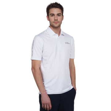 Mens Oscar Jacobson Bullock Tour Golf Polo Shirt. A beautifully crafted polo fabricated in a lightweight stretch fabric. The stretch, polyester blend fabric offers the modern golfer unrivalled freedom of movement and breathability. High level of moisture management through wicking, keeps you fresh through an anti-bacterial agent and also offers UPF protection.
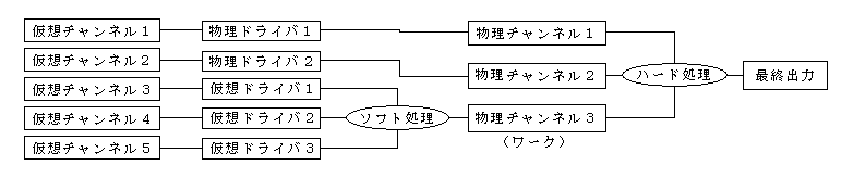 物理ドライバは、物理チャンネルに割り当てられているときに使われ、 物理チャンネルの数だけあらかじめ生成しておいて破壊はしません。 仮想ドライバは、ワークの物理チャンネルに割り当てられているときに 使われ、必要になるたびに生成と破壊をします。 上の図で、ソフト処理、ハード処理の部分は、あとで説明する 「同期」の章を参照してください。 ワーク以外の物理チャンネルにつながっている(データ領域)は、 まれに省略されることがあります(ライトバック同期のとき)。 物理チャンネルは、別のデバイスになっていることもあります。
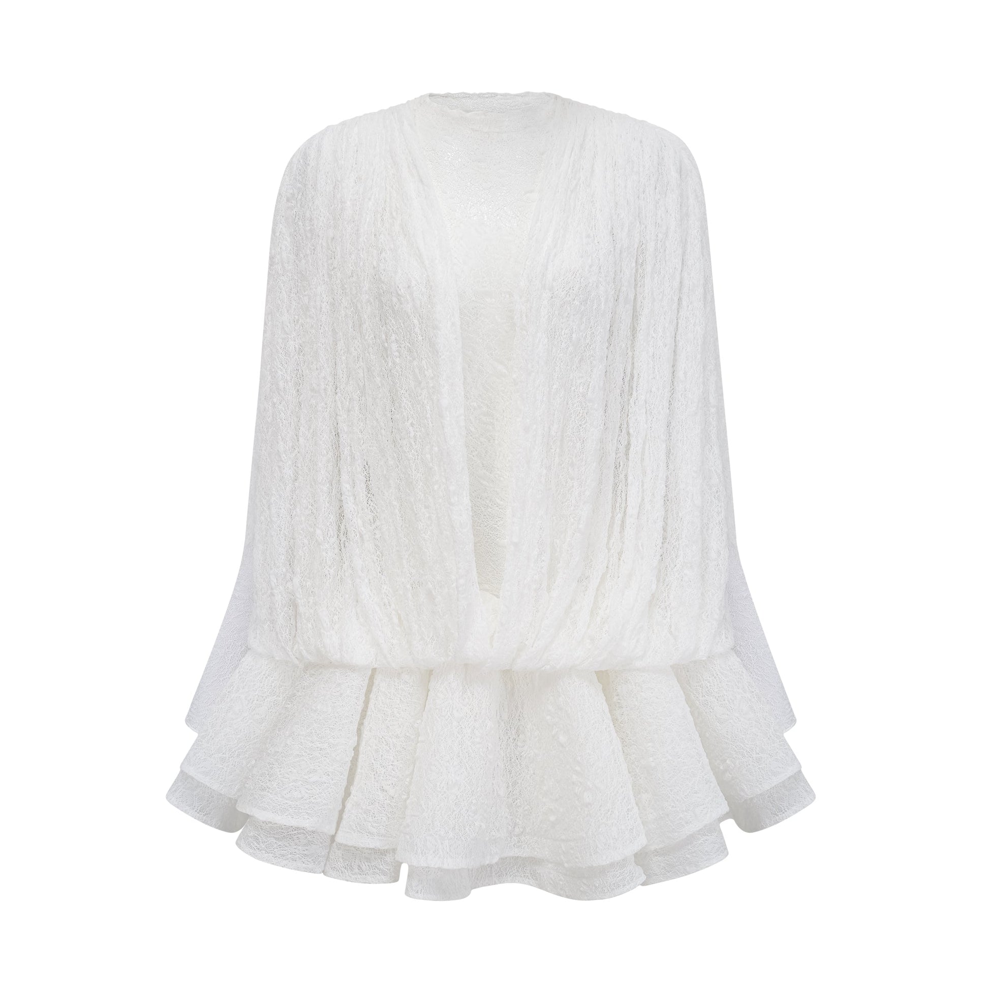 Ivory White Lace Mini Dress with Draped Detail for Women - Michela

** What you will do **
When you retype the data above, match every line exactly and leave the pictures behind.

** Task output **
 Mens Oscar Jacobson Bullock Tour Golf Polo Shirt. A beautifully crafted polo fabricated in a lightweight stretch fabric. The stretch, polyester blend fabric offers the modern golfer unrivalled freedom of movement and breathability. High level of moisture management through wicking, keeps you fresh through an anti-bacterial agent and also offers UPF protection.
 物理ドライバは、物理チャンネルに割り当てられているときに使われ、 物理チャンネルの数だけあらかじめ生成しておいて破壊はしません。 仮想ドライバは、ワークの物理チャンネルに割り当てられているときに 使われ、必要になるたびに生成と破壊をします。 上の図で、ソフト処理、ハード処理の部分は、あとで説明する 「同期」の章を参照してください。 ワーク以外の物理チャンネルにつながっている(データ領域)は、 まれに省略されることがあります(ライトバック同期のとき)。 物理チャンネルは、別のデバイスになっていることもあります。
 Ivory White Lace Mini Dress with Draped Detail for Women - Michela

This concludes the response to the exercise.